In an embodiment, when the inter prediction frame is an overlap frame, the efficiency of the inter prediction operation with respect to the target frame may increase. In more detail, compression efficiency for the target frame may increase. For example, the overlap frame may include more detection points than a reference frame. Therefore, when the inter prediction operation is performed on the overlap frame and the target frame, since more detection points may be considered, compression efficiency for the target frame may be improved.

In an embodiment, the inter prediction unit 140 may perform an inter prediction operation based on an octree structure of an inter prediction frame and a target frame. For example, the inter prediction unit 140 may generate a binary code for the inter prediction frame and the target frame based on the octree structure. The inter prediction unit 140 may analyze an occupancy bit pattern of the binary code of the target frame based on the binary code of the inter prediction frame. In more detail, the inter prediction unit 140 may utilize the binary code for the inter prediction frame and a target frame FMk as input values for an arithmetic coding context. In this case, an occupancy code related to the target frame may be generated.

The reconstruction unit 150 may generate a first converted frame by performing a quantization operation on a first input frame IFM1. In addition, the reconstruction unit 150 may generate a converted frame corresponding to the input frame based on the reference frame and the occupancy code.

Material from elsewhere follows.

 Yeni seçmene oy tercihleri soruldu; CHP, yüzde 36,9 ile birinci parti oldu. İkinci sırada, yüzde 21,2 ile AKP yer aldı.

For convenience of description, the converted frame is referred to using a reference symbol ‘CFM’ in the following.

In an embodiment, the converted frame CFM may refer to a reconstructed frame when a decoding operation is performed based on the bitstream BS. For example, when a decoding operation on a first bitstream BS1 is performed, a first converted frame CFM1 may be reconstructed, and when a decoding operation on the n-th bitstream BSn is performed, an n-th converted frame CFMn may be reconstructed. However, the scope of the present disclosure is not limited thereto.

The memory unit 160 may store information generated while performing an encoding operation on the first to n-th input frames IFM1 to IFMn. For example, the memory unit 160 may temporarily store various information such as motion vectors, converted frames, and overlap frames.

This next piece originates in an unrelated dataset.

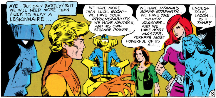 The League of Super-Assassins was formed by disgruntled teens from the planet Dryad. These teens were manipulated by the Dark Man into believing that the Legion was responsible for the destruction of their homeworld several years earlier. The League—Blok, Lazon, Mist Master, Neutrax, Silver Slasher and Titania—swiftly took out some of the most powerful Legionnaires. (Superboy & the Legion #253) They were defeated by Brainiac 5 and the Legion of Substitute-Heroes. (#254) Blok went on to repent and even join the Legion! But even though the League learned that Legion was innocent, the others chose the path of evil and later joined the Legion of Super-Villains under Nemesis Kid.

The encoder 100 may generate the first to n-th bitstreams BS1 to BSn by performing an encoding operation on the first to n-th input frames IFM1 to IFMn. In this case, the first bitstream BS1 may include the first occupancy code for the first input frame IFM1. In addition, each of the second to n-th bitstreams BS2 to BSn may include an occupancy code and a motion vector with respect to a corresponding input frame.

FIG. 4 is a diagram illustrating an operation of an encoder of FIG. 3, according to an embodiment. Encoding operations for the second to n-th input frames IFM2 to IFMn will be described with reference to FIGS. 1 to 4. For example, in FIG. 4, an embodiment of a case where a k-th input frame IFMk (i.e., ‘k’ may be an integer greater than 2) among the second to n-th input frames IFM2 to IFMn is a target frame will be representatively described. The encoding operation for the first input frame IFM1 is similar to that described above with reference to FIG. 3, and thus, additional description thereof will be omitted to avoid redundancy.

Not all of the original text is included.